• _Instructions to follow_
Please give back the listing below word for word, without the images.

• _Available data_
[Start of section]
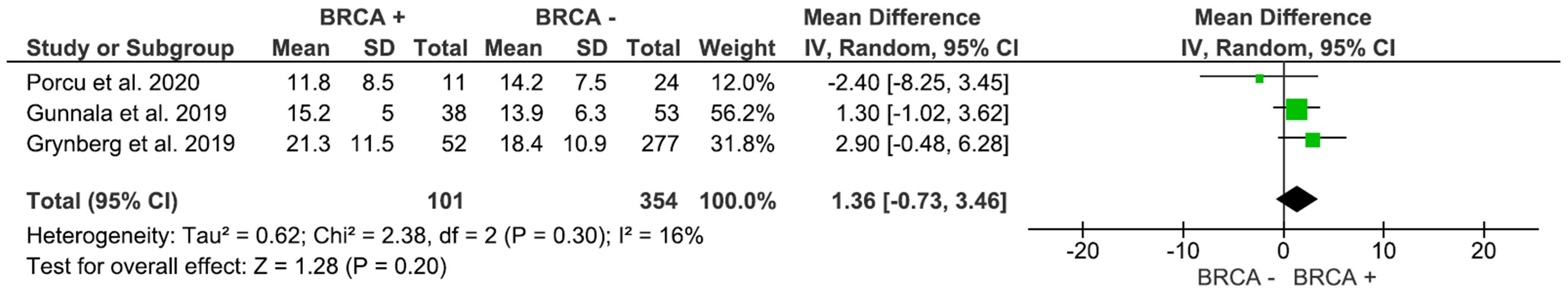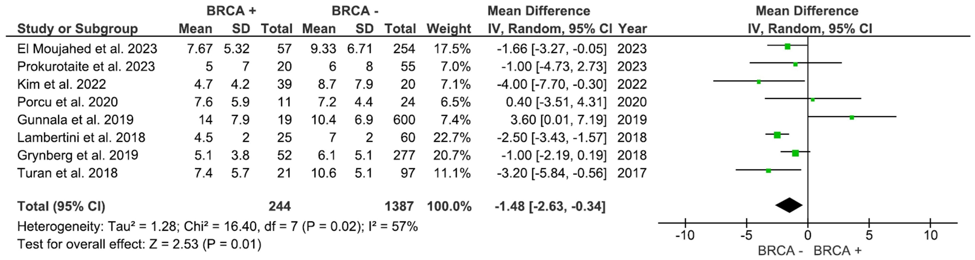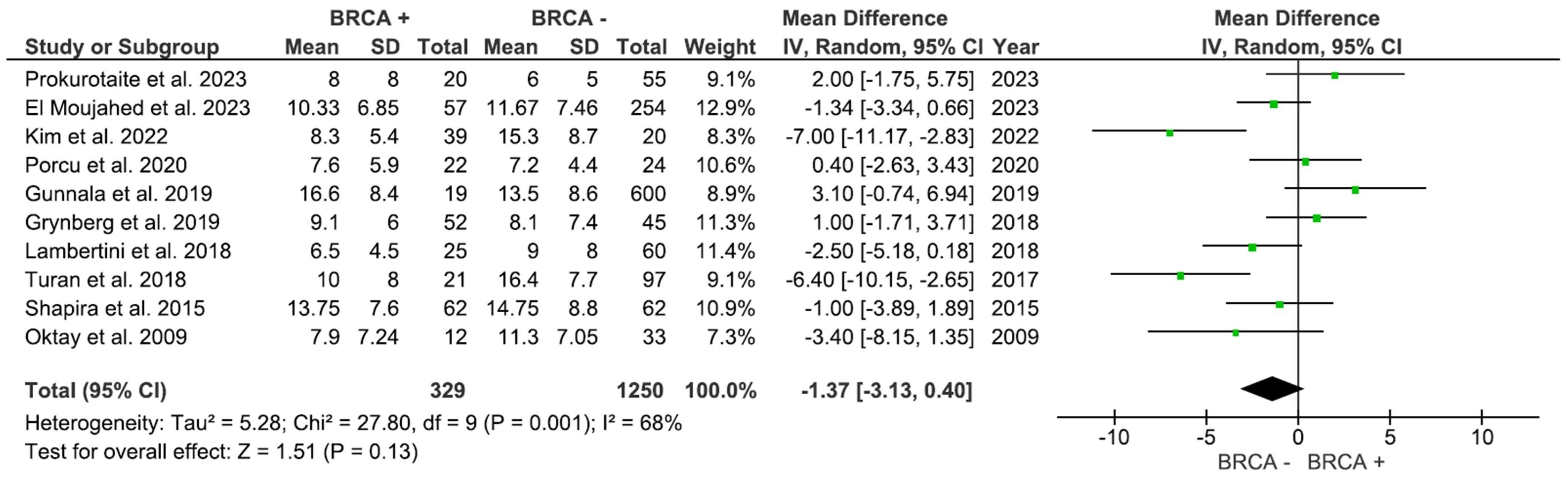 A total of 10 studies with 1,579 participants compared the number of retrieved oocytes in women with and without BRCA mutations (Figure 2). The pooled analysis showed no statistically significance (p=0.13), with an MD of -1.37 (95% CI: -3.13 to 0.40), in the number of oocytes in the Non-BRCA group (I2 = 68%).
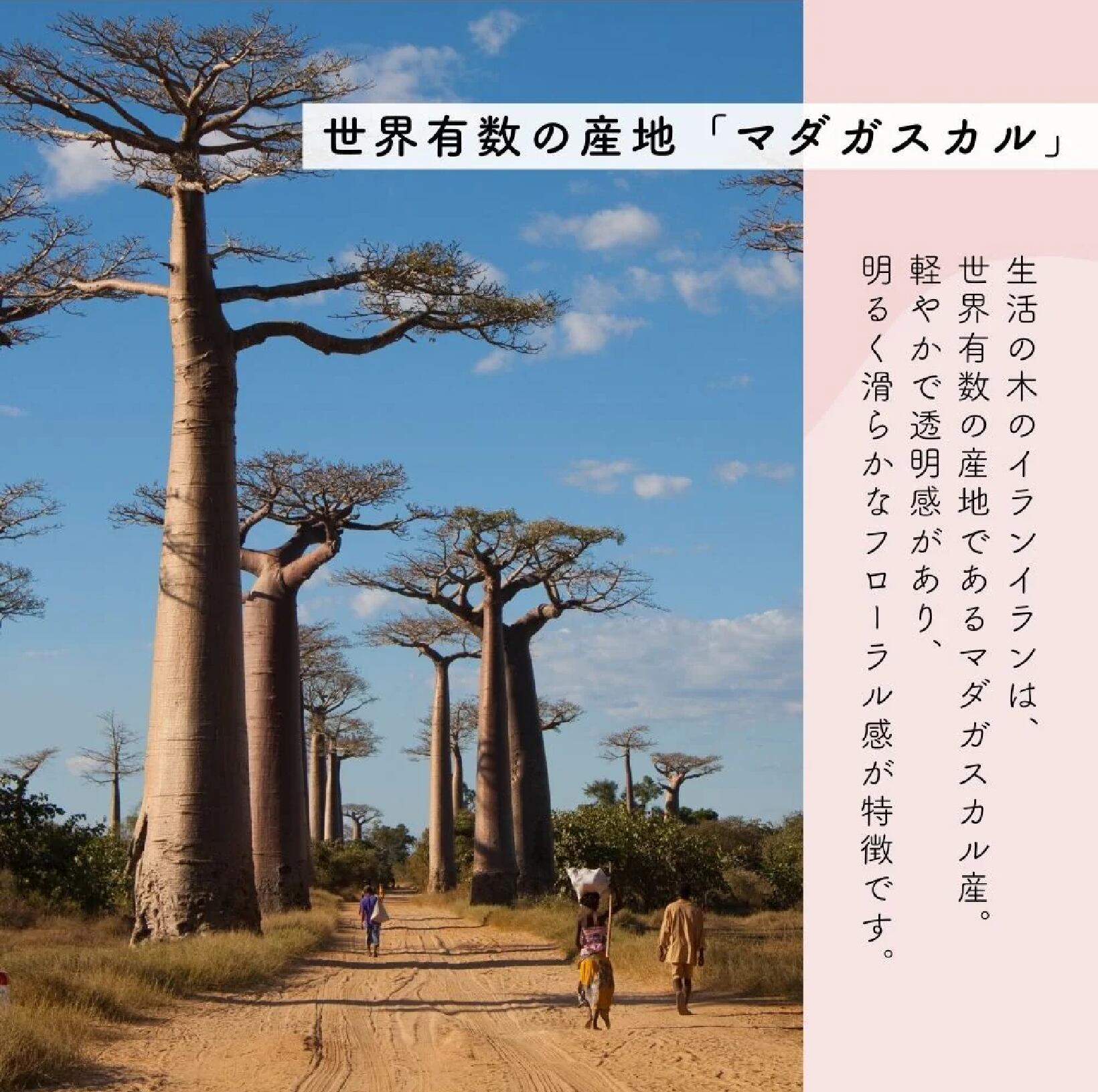 生活の木のイランイランは世界有数の産地であるマダガスカル産。明るく滑らかでフローラルか香りも特徴です。
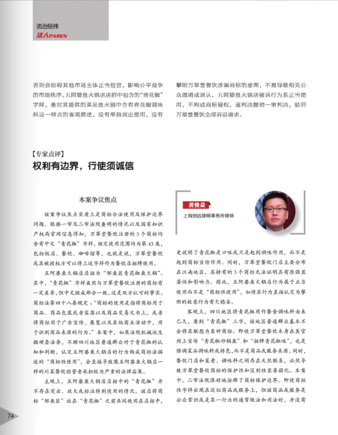 天津辉知简讯 | 辉知队黄俊益律师应“法治日报”旗下杂志邀请,就“青花椒”案发表专家点评
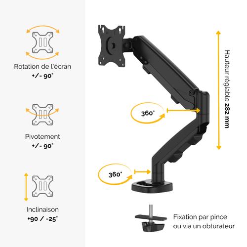 FELLOWES Bras porte-écran simple réglable EPPA, 1 écran jusqu’à 39 », noir, 9683101
[End of section]
• _Solution for this task_
 A total of 10 studies with 1,579 participants compared the number of retrieved oocytes in women with and without BRCA mutations (Figure 2). The pooled analysis showed no statistically significance (p=0.13), with an MD of -1.37 (95% CI: -3.13 to 0.40), in the number of oocytes in the Non-BRCA group (I2 = 68%).
 生活の木のイランイランは世界有数の産地であるマダガスカル産。明るく滑らかでフローラルか香りも特徴です。
 天津辉知简讯 | 辉知队黄俊益律师应“法治日报”旗下杂志邀请,就“青花椒”案发表专家点评
 FELLOWES Bras porte-écran simple réglable EPPA, 1 écran jusqu’à 39 », noir, 9683101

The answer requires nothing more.